Dos gobiernos totalmente contrarios han gobernado nuestro país en menos de 15 años, dos gobiernos que han instaurado con todo el rigor de la práctica política sus decisiones dejando de lado el mandato popular y jugando con la democracia como un niño con un pedazo de plastilina al cual puede destruir, darle forma, darle uso, o simplemente arrojarlo a la basura.

El país se concentró tanto en un modelo económico a seguir que descuido el liderazgo político y la profesión de ser político. Durante el gobierno de Rafael Correa, la maquinaria de Alianza País arrasaba en todo tipo de elección y consulta popular, con excepción de Guayaquil en donde el voto fuerte y sólido del partido social cristiano nunca pudo ser reducido pues dicha tendencia se ocultaba en las mentiras de llamar al puerto principal un modelo exitoso;  y en Quito, en donde en el año 2014 la ciudad capital le dio la espalda a la “revolución ciudadana” y optó por darle el voto a Mauricio Rodas, uno de los peores alcaldes que ha podido llegar al palacio municipal ubicado en el centro histórico.
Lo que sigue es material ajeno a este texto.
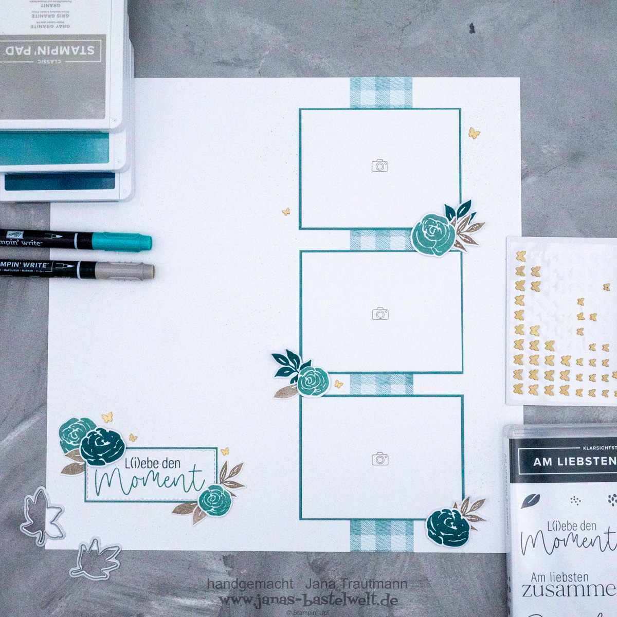 Bereits Anfang Juli fand wieder ein After Work-Basteln mit dem Demorat von Stampin' Up! statt; aufgrund der bereits erwähnten Umstände komme ich jedoch erst jetzt dazu dir zu zeigen, was wir an diesem Abend gebastelt haben. Eigentlich wurde das Kreativset "Schöne Erinnerungen für Scrapbooks" verwendet, da ich dieses jedoch nicht hatte, habe ich auf vorhandenes Material zurückgegriffen und das Layout damit gestaltet. Hier mein Ergebnis:

Las consecuencias de haber dejado al margen la importancia de la representación social se está evidenciando en la actualidad. En el año 2019, Ecuador vivió un proceso electoral en donde se eligieron prefectos, alcaldes, concejales y vocales a juntas parroquiales, y tan solo en Quito se postularon 17 candidatos a la alcaldía; a pocos meses de las elecciones presidenciales en nuestro país (2021), el país ya cuenta con más de 10  posibles candidatos a la presidencia: Cristina Reyes, Guillermo Lasso, Isidro Romero, Yaku Pérez, Leónidas Iza, Lucio Gutiérrez, Guillermo Celi, Álvaro Noboa, Otto Sonnenholzner, Galo Lara, Fernando Balda, Andrés Páez, Carlos Rabascall, Gustavo Larrea, Abdalá Bucaram y los que falten por aparecer.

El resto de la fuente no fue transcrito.